Go back to relevant work done in the 70s and you’ll find a lot of blatantly obvious (by today’s standards) aesthetic bias (or lookism, if you prefer), even in the final, published materials. But the more modern versions of such studies also make a lot of assumptions, even if they’re generally more careful with the words they use, and how they label and categorize people.
None of which is to say this isn’t a thing that’s happening, and isn’t a thing that influences the way we see the world.
It almost certainly is. And in fact, it’s wider spread than ever, with some of the most obvious and mainstream examples being non-human brands that benefit from the same halo effect as politicians and celebrities.
Part of the reason automobile brands invest in high-end concept cars and Formula 1 race cars that will never see consumer production is that it creates a halo effect for the rest of their products. You can’t buy that concept car, but you can buy something else that same manufacturer makes. And that sense of modernity, edginess, power, and cool emanates from such unattainable creations to those that are accessible by the masses.
Likewise, every time Apple associates itself with a hot, up-and-coming indie musician, or hosts classes at their stores, teaching people how to express themselves creatively, they amplify their halo. Their overall brand is resplendent of these desirable traits, and those traits then color our perception of everything they make: even their botched launches and imperfect products benefit from our reflexive response to them as a brand that is associated with a great many positive traits and other, also-respected brands.
If you taint someone’s halo instead of making it more appealing, it follows—according to these same somewhat-supported assumptions—that such negative traits would then negatively color other, perhaps unrelated aspects of the person or brand in question.
Some world leaders have been said to suffer from the so-called horn effect, which is the inversion of the halo effect; referring to devil horns instead of an angelic halo.
In 2011, The Guardian wrote about former president of Venezuela, Hugo Chavez, for instance, indicating that it was almost impossible for someone like Chavez to get a fair, unbiased hearing for some of the good things he did for the country, because his every action is tarnished by the bad things that he did.
Part of the issue, for both halo and horn effects, is that most of us, most of the time, are prone to what’s sometimes called splitting—thought it’s more casually and commonly called black-and-white thinking.
Children and people with borderline personality disorder are especially prone to splitting, apparently, to the point where they may come to view individuals as two distinct people, depending on whether that person is being good or bad, based on the standards of the person doing the splitting.
This is thought to be a defense-mechanism which allows us to make ordered sense of an at-times confusingly nuanced world, when we latently prefer to sort our lives into good things and bad things—friends and enemies—so that our decision-making and defensive behaviors are less energy-intensive and more exact; less muddied by uncertainty.
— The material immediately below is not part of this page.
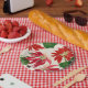 Rote Wasserfarbe Poinsettia Blumengrün Pappteller
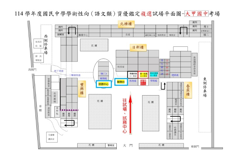 公告114資優學生鑑定複選《大甲國中》試區試場位置圖與入場證號碼分配表

This concept, too, is riddled with maybes, as much of the research is dependent on psychoanalysis suppositions, or predicated on other not-fully-supported concepts like transference—none of which is necessarily true or false, but all of which are difficult to convincingly prove or disprove.
Empirically, though, I think it’s safe to say that, to some degree, non-relevant attributes—perhaps especially those that we take in quickly and/or subconsciously via our senses, and those we filter through our emotions rather than rational analysis—at least partially shape our early assumptions and biases about people and entities (like brands), and in ways that are difficult to measure, protect against, or control.